Crossing Over: Teaching Meaning-Centered Secondary English Language Arts

By Harold M. Foster | Go to book overview

chapter EIGHT
Teaching Writing

Introduction

Getting Started

I see writers everywhere I turn. When I was a high school teacher, my students would not only hand me poems they had written, but also more than one turned in a full-length novel. I am always encountering adults from all walks of life who have squirreled away, in their attics or basements, novels they have written. When my daughter was in first grade, even she was a writer. She would spend entire Sunday afternoons at the typewriter, using one finger at a time, laboriously composing stories that were only middles filled with invented spellings.


A Writing Classroom

Bob Sanderfelt (Chapter Four, “Discussing Books”) has students who are writers. They are usually writing something, or reading another student's paper, or talking to a classroom neighbor about a piece of writing.
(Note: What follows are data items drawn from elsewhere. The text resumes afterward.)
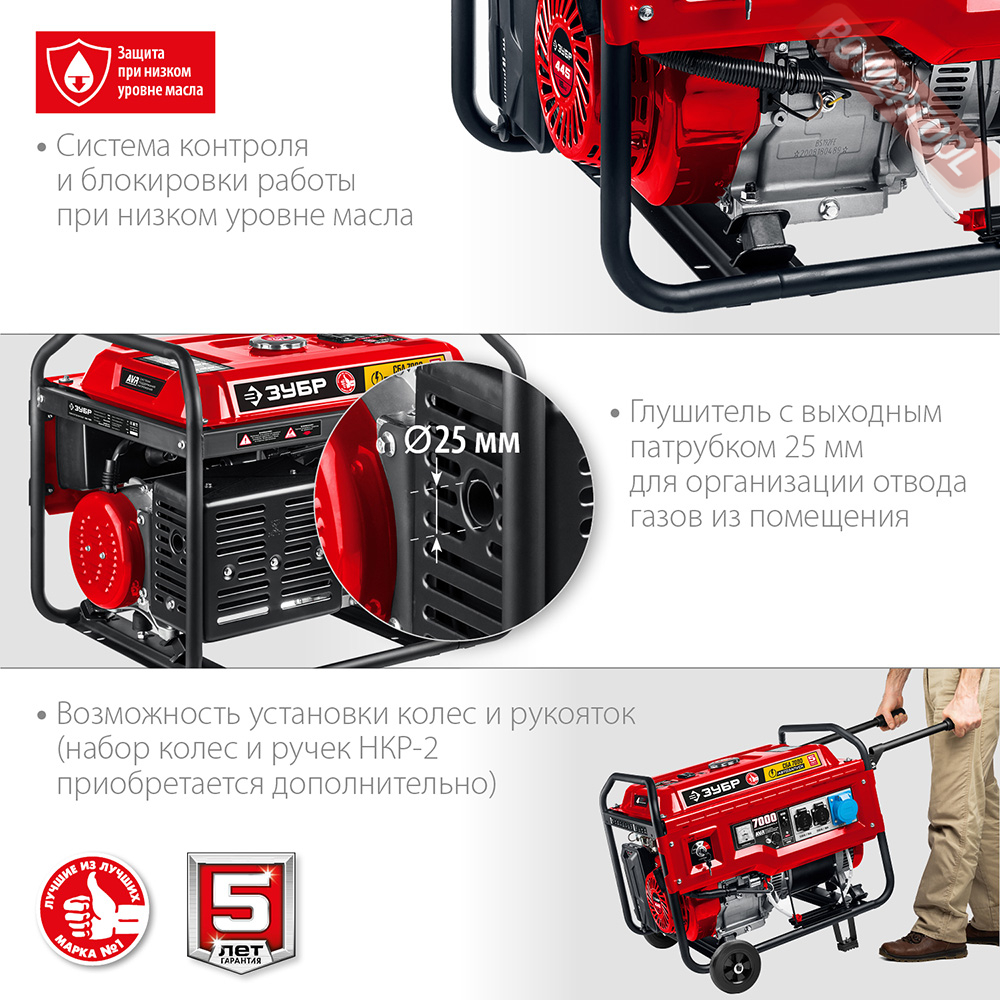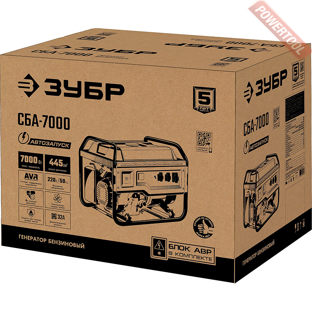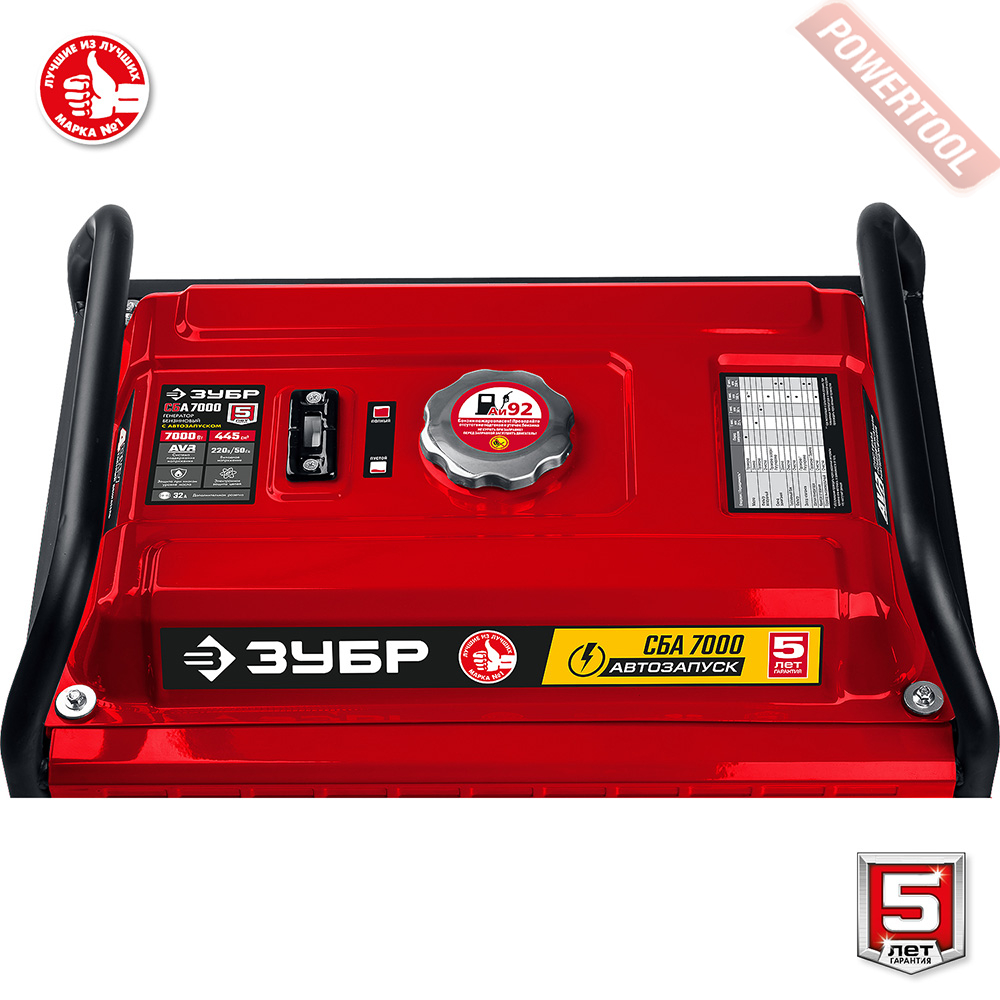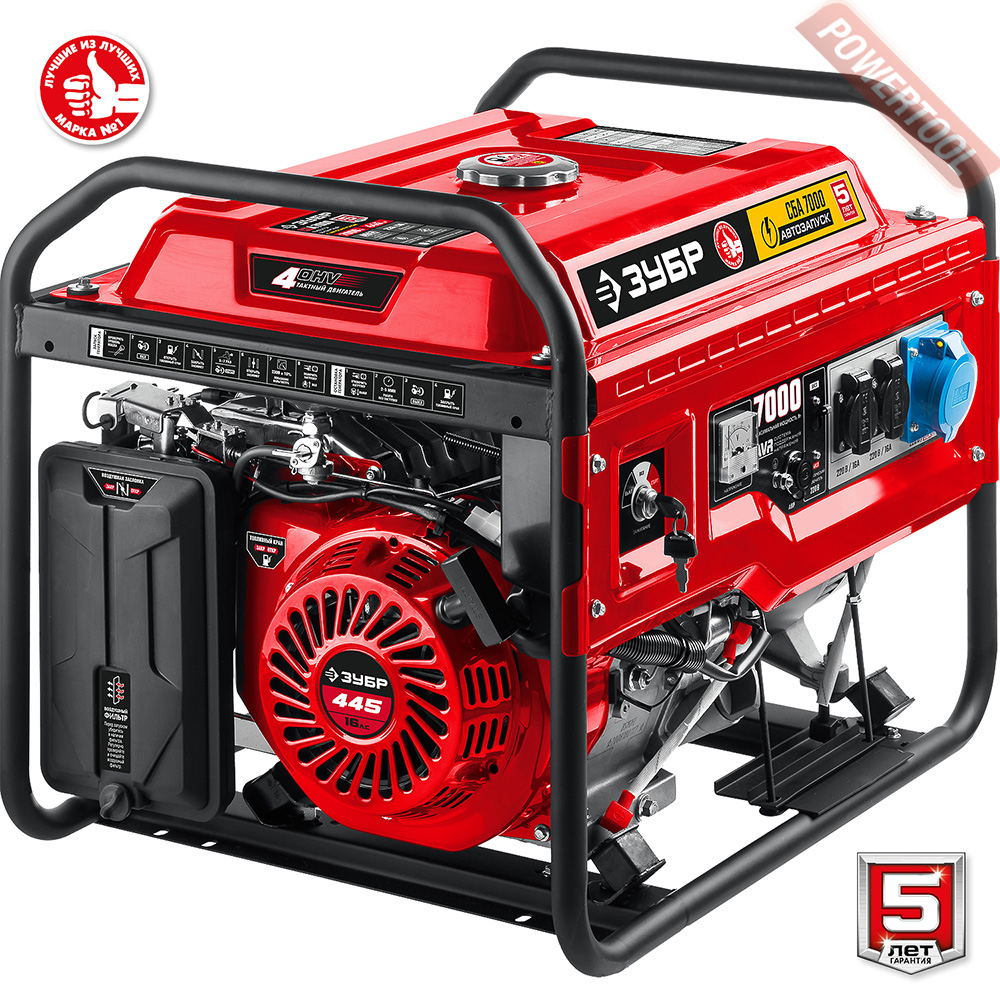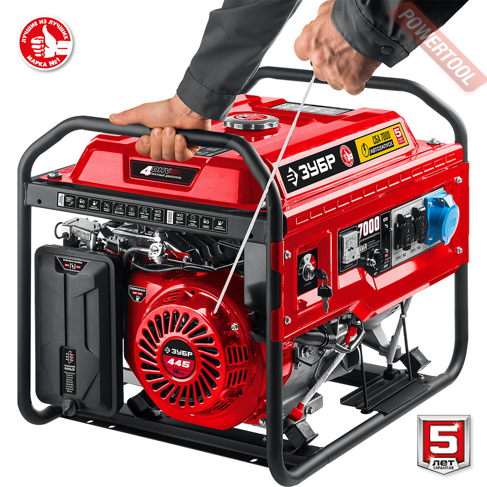 - 1. Бензиновый генератор ЗУБР СБА-7000.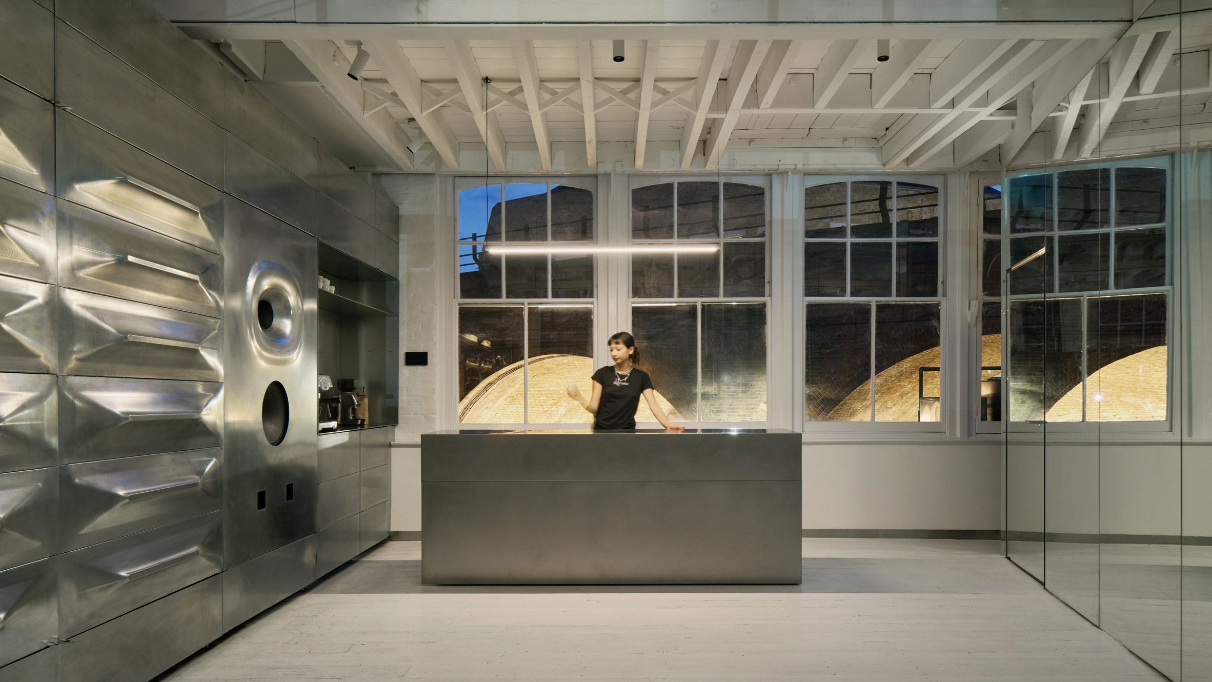 Con sede en Londres Obras desconocidas Diseñó una pared de sonido que se redisenga Acero galvanizado Y se agregan muebles de metal y accesorios para crear un salón de sal, que es un audaz y refinado salón“En el mercado del condado.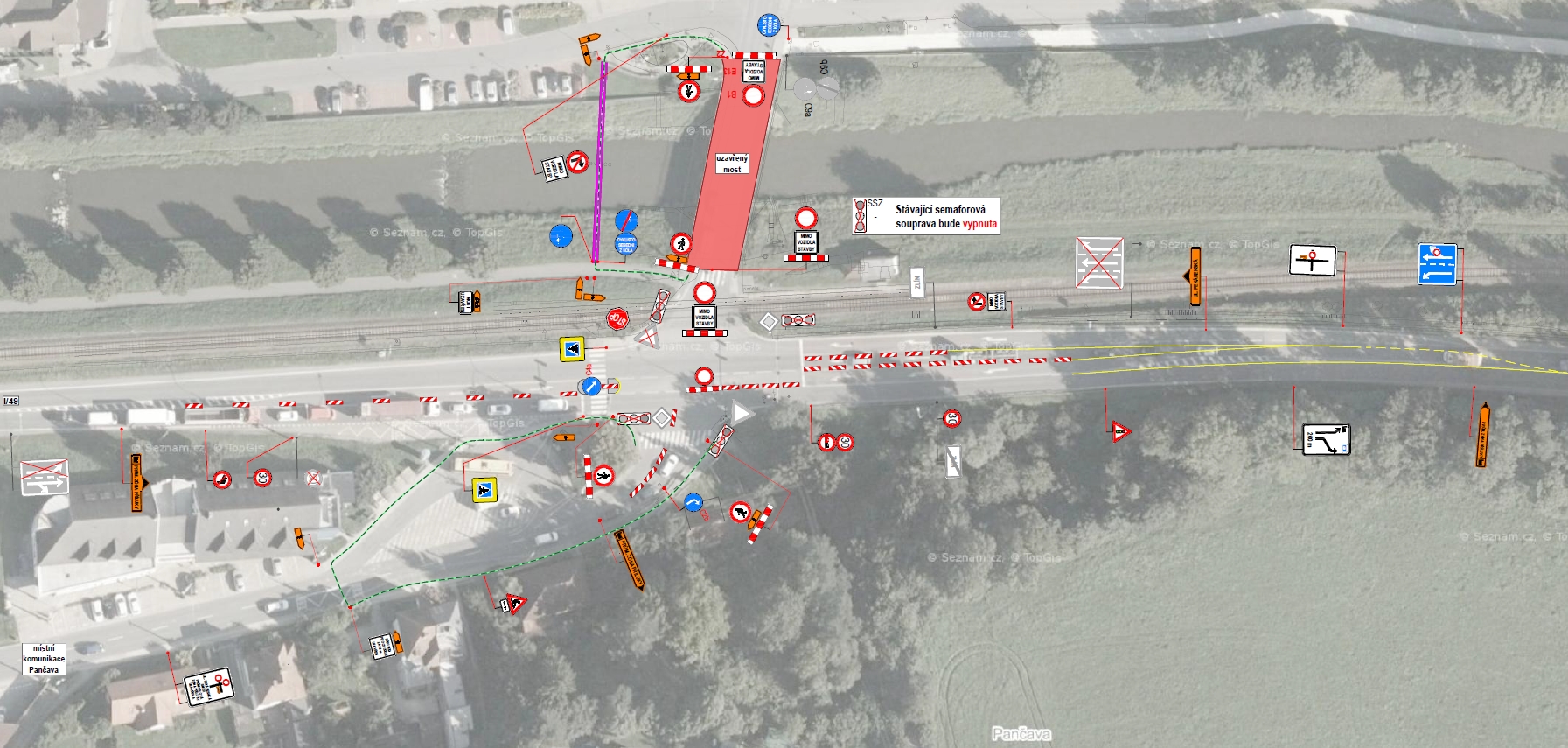 - Starý most u železniční tratě - bude uzavřen pro veškerý provoz, nebude možné na něj odbočit z žádného směru ani přes něj přejet.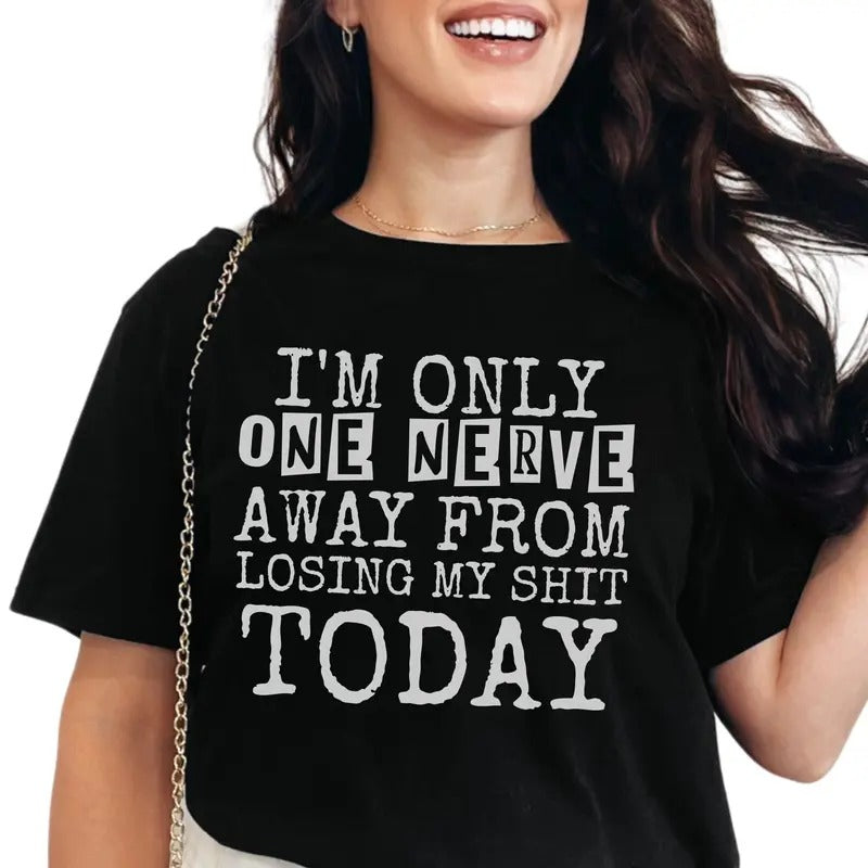 I Am Only One Nerve Away From Losing My Sh&t Today Unisex T-Shirt - Graphic Tees with Offensive Words, Sarcastic Shirt for Besties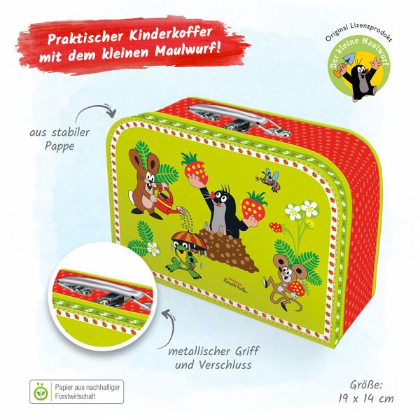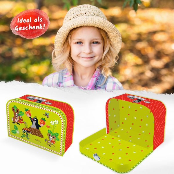 Der kleine Kinderkoffer mit dem kleinen Maulwurf ist bereit für jedes Abenteuer - einfach die liebsten Sachen einpacken und überall mit hinnehmen! Dieser wunderschöne Koffer aus Pappe ist prima geeignet für den Kurzbesuch sowie zum Aufräumen von Spielsachen zu Hause. Ein tolles Geschenk für kleine Maulwurf-Fans - geeignet für alle Anlässe!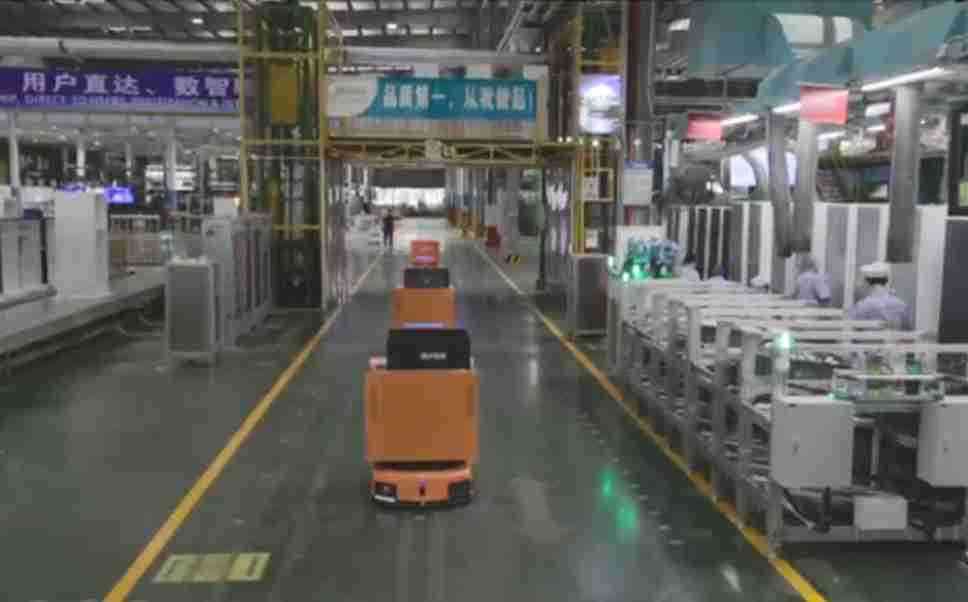 为车载冰箱物流配送打造的智能解决方案,,包含产中物流通过潜伏举升AMR搬运至线边,,产后成品物流智能仓储,,,,流程包含产中物流智能齐套入库,,,线边安灯叫料AMR智能配送至线边,,,,成品入库、、、出库,,通过无人堆高车机器人,,,,智能仓储管理替代人工作业管理,,,实现更高存储、、、、更高效率、、、更具柔性化的解决方案。。。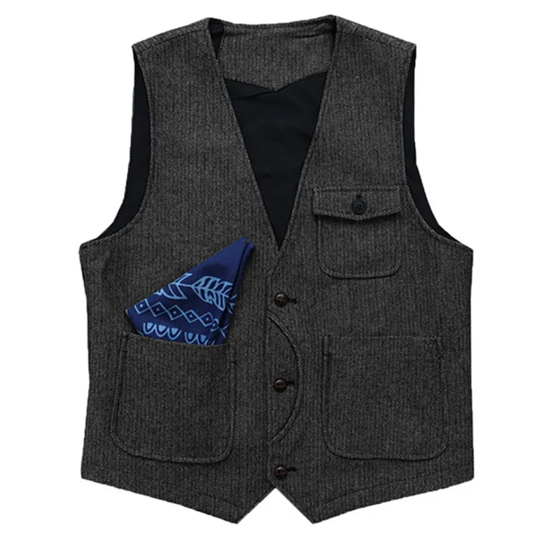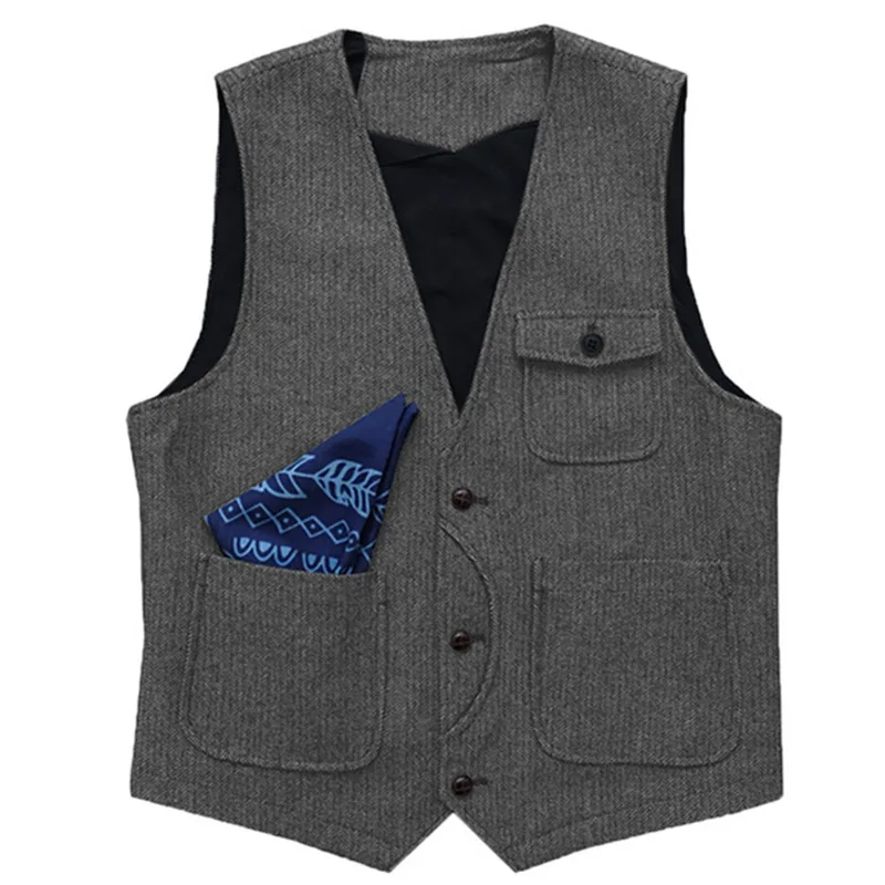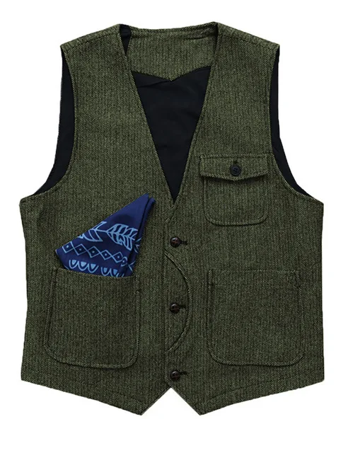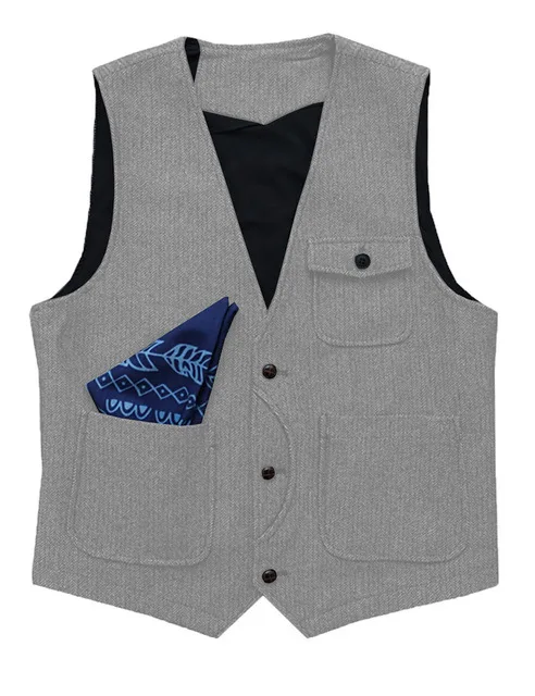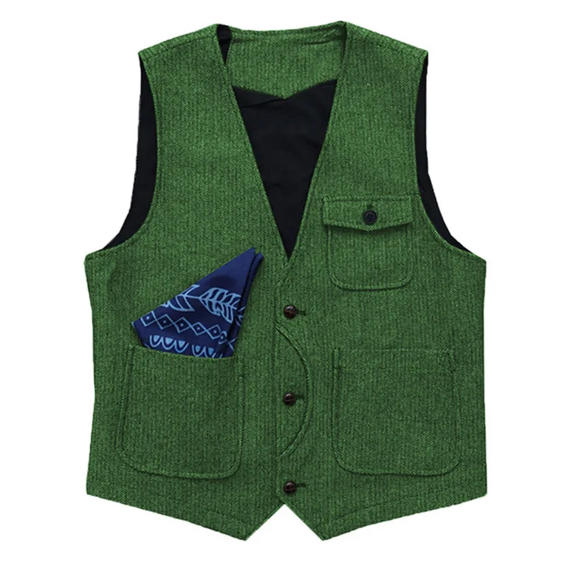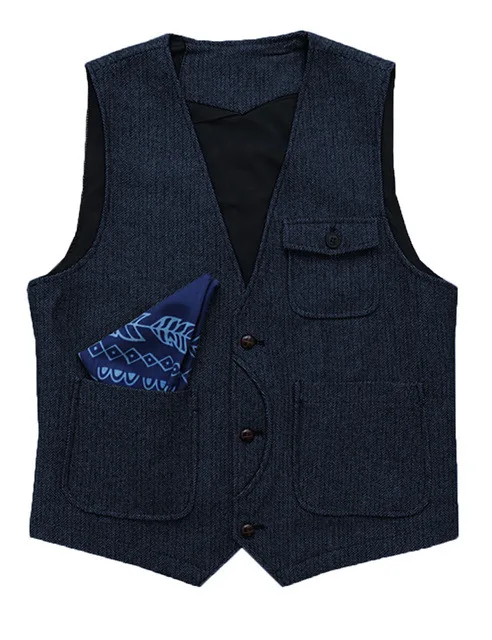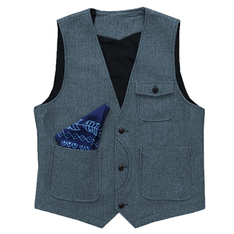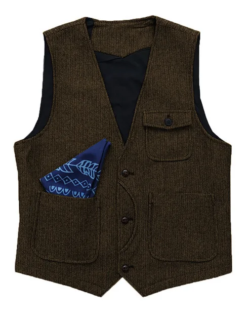Wiaofellas - Men Vest Brown Herringbone Suit V Neck For Wedding Groom Business Formal Banquet Suit Men Waistcoat

These kids do not hesitate to read a piece of their writing out loud, and many of them have entered writing contests. They speak the language of writers, understanding the place of voice and style and the need for clarity and structure. They know how to overcome writing blocks and understand the purpose of free writing. These are students who write all the time and in all kinds of modes. They write in journals at the drop of a hat. They write about readings, class discussions, and events. They are given topic choices and write on those, or they find their own topics. Much of the work is bulk writing, skimmed by the teacher and graded only for quantity. Some early writings is read and responded to in an informal way. Some writings go through several drafts before they become public, either read by the teacher and students in class or by an extended public reached through writing contests, the school newspaper, and letters.